Kastner moved to Israel after the war, becoming a manager in the intelligence unit at the Prime Minister's department in 1952. He was also nominated as a candidate to the Israeli parliament for the MAPAI (Israeli Labour) party In 1953, he was accused of having been a Nazi collaborator, in a pamphlet self-published by Malchiel Gruenwald, an amateur writer. The allegation stemmed in part from his relationship with Eichmann, and with Kurt Becher, another SS officer; and in part from his having given positive character references after the war for Becher and two more SS officers, thus allowing Becher to escape prosecution for war crimes. The Israeli government sued Gruenwald for libel on Kastner's behalf, resulting in a trial that lasted two years, and a ruling in 1955 that Kastner had indeed, in the words of Judge Benjamin Halevi, "sold his soul to the devil." By saving the Jews on the Kastner train, while failing to warn others that their resettlement was in fact deportation to the gas chambers, Kastner had sacrificed the mass of Jewry for a chosen few, the judge said. The verdict triggered the fall of the Israeli Cabinet.
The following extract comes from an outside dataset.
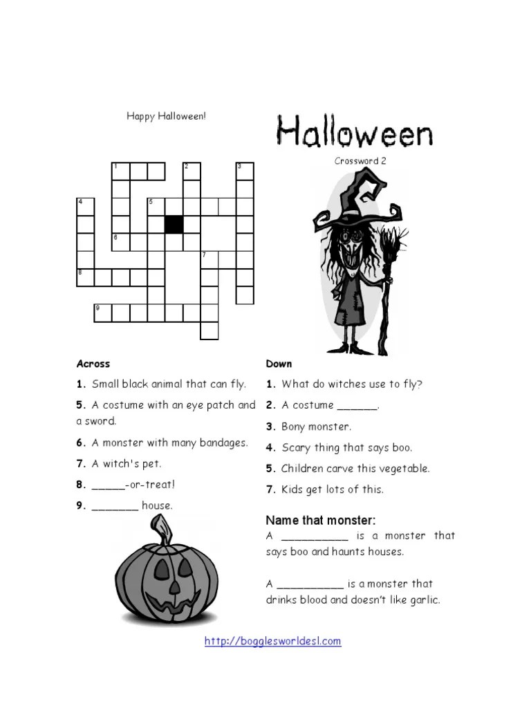 Halloween Crossword for Beginners Halloween worksheets, Halloween
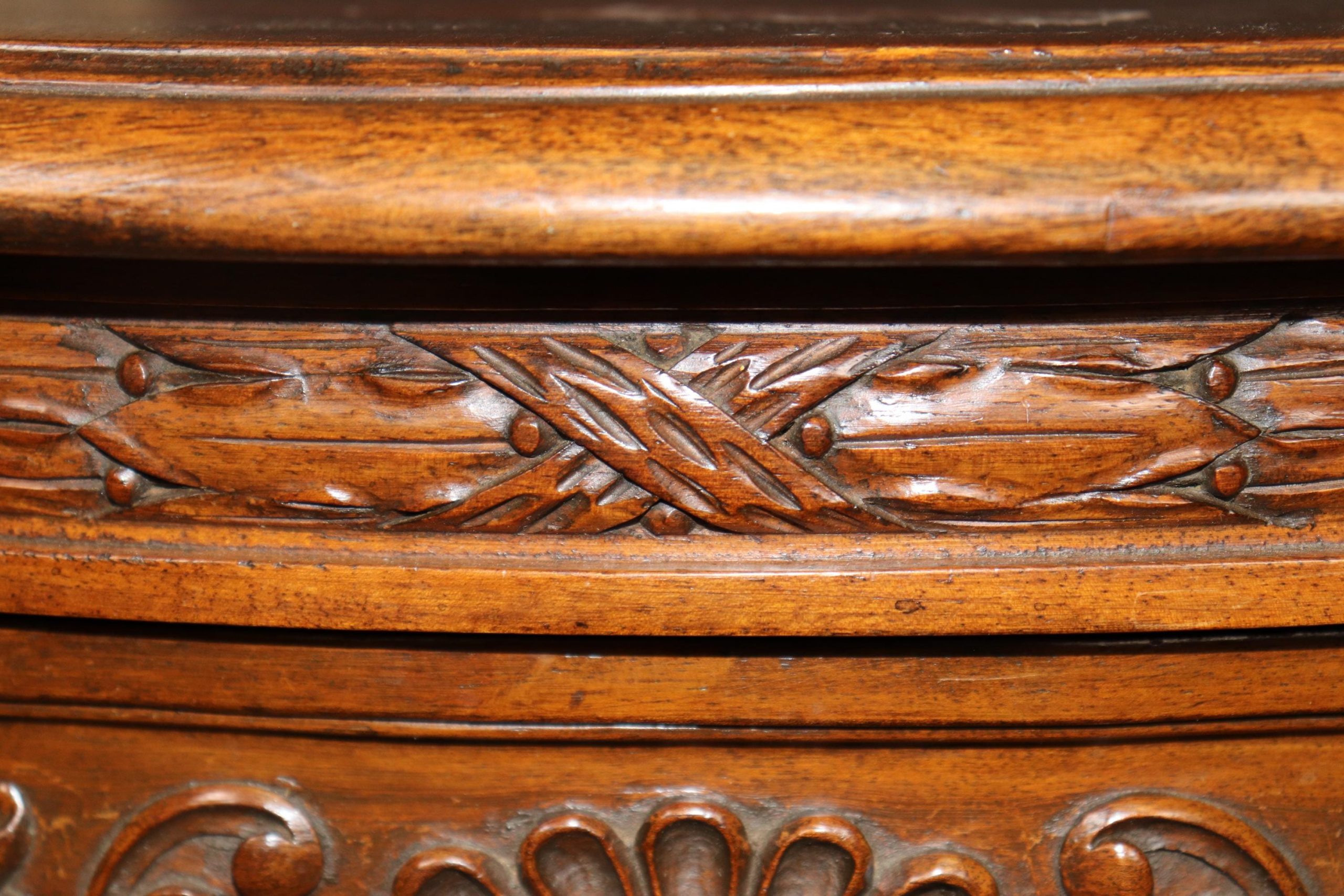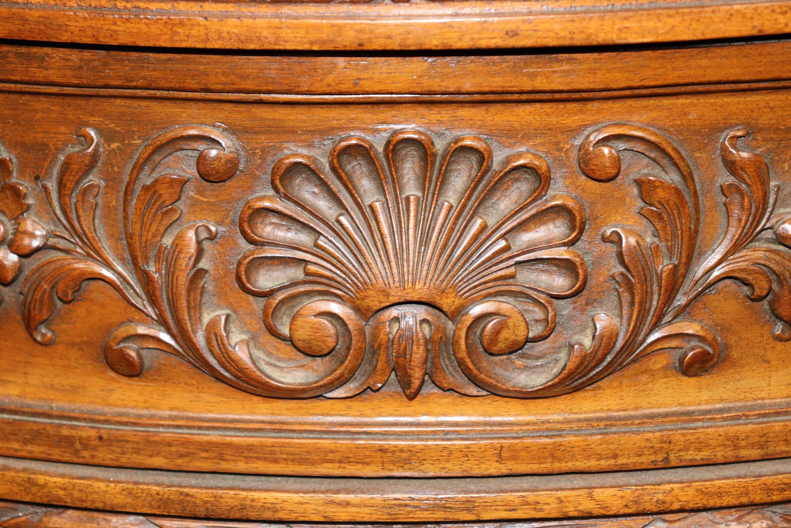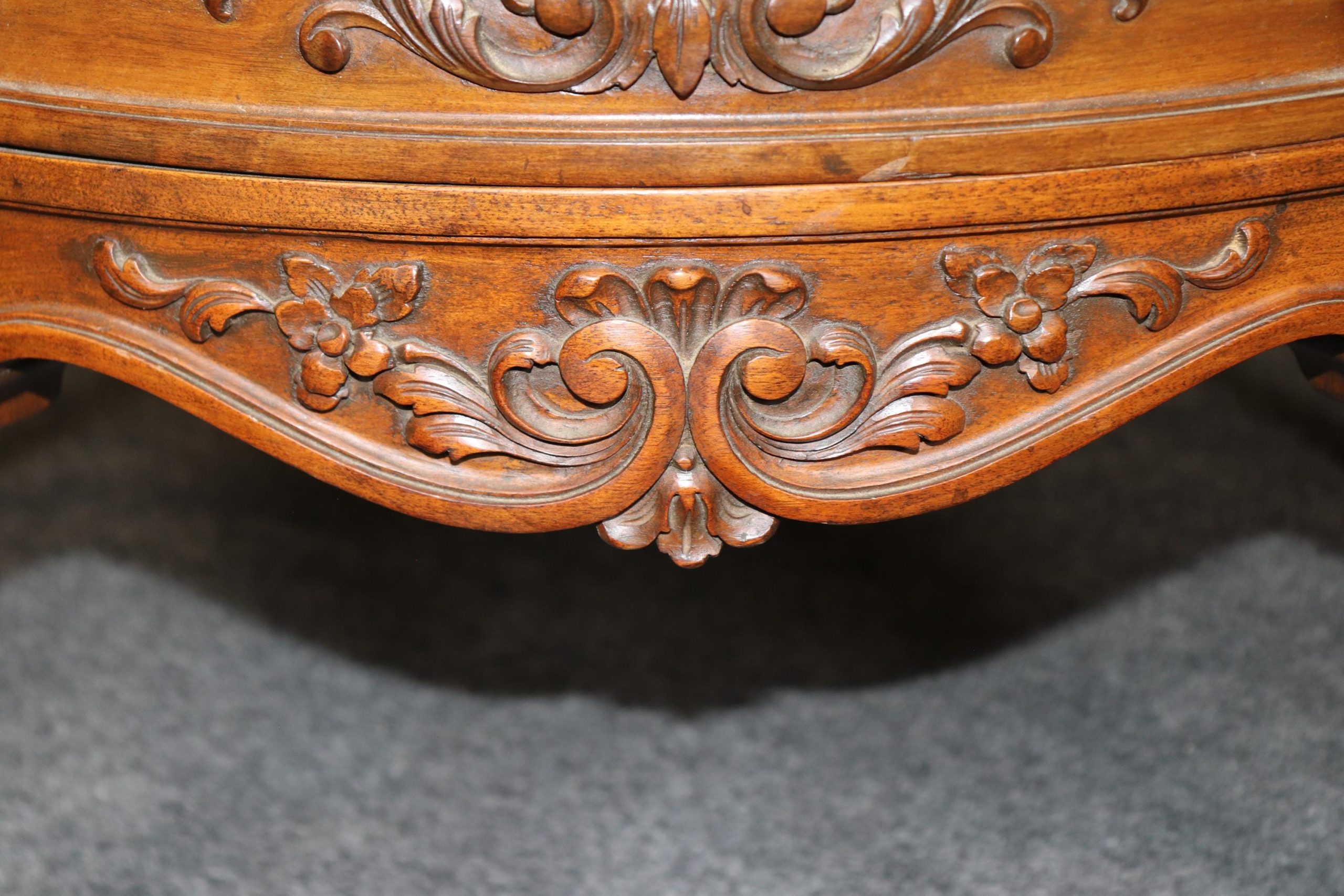 This 1960s vintage pair of Georgian style carved demilune nightstands / end tables is perfect for you and your home! One nice thing about this pair is its ability to not only be used in a variety of areas such as your living room, bedroom, office, or entryway as end tables but they could also be used as nightstands. The nightstands are equipped with 2 drawers, perfect for storing your personal belongings. This pair is bound to bring a sense of sophistication and character into your home or place choosing and will certainly be a topic of conversation at your next gathering or event! Antique furniture and vintage pieces have stood the test of time and this pair is no exception! With their quality materials and great craftsmanship this pair is bound to last you and your family for many years to come! The pair is in good antique/vintage condition with the exception of some light surface scratches and minor finish loss, but otherwise really good condition!

Kastner resigned his government position and became a virtual recluse, telling reporters he was living with a loneliness "blacker than night, darker than hell." His wife fell into a depression that left her unable to get out of bed, while his daughter had to endure her school peers throwing stones at her in the street. The Supreme Court of Israel overturned most of the judgment in January 1958, stating in a 4–1 decision that the lower court had "erred seriously," but not before Kastner had been assassinated. He was shot on March 3, 1957 by Zeev Eckstein, and died of his injuries twelve days later.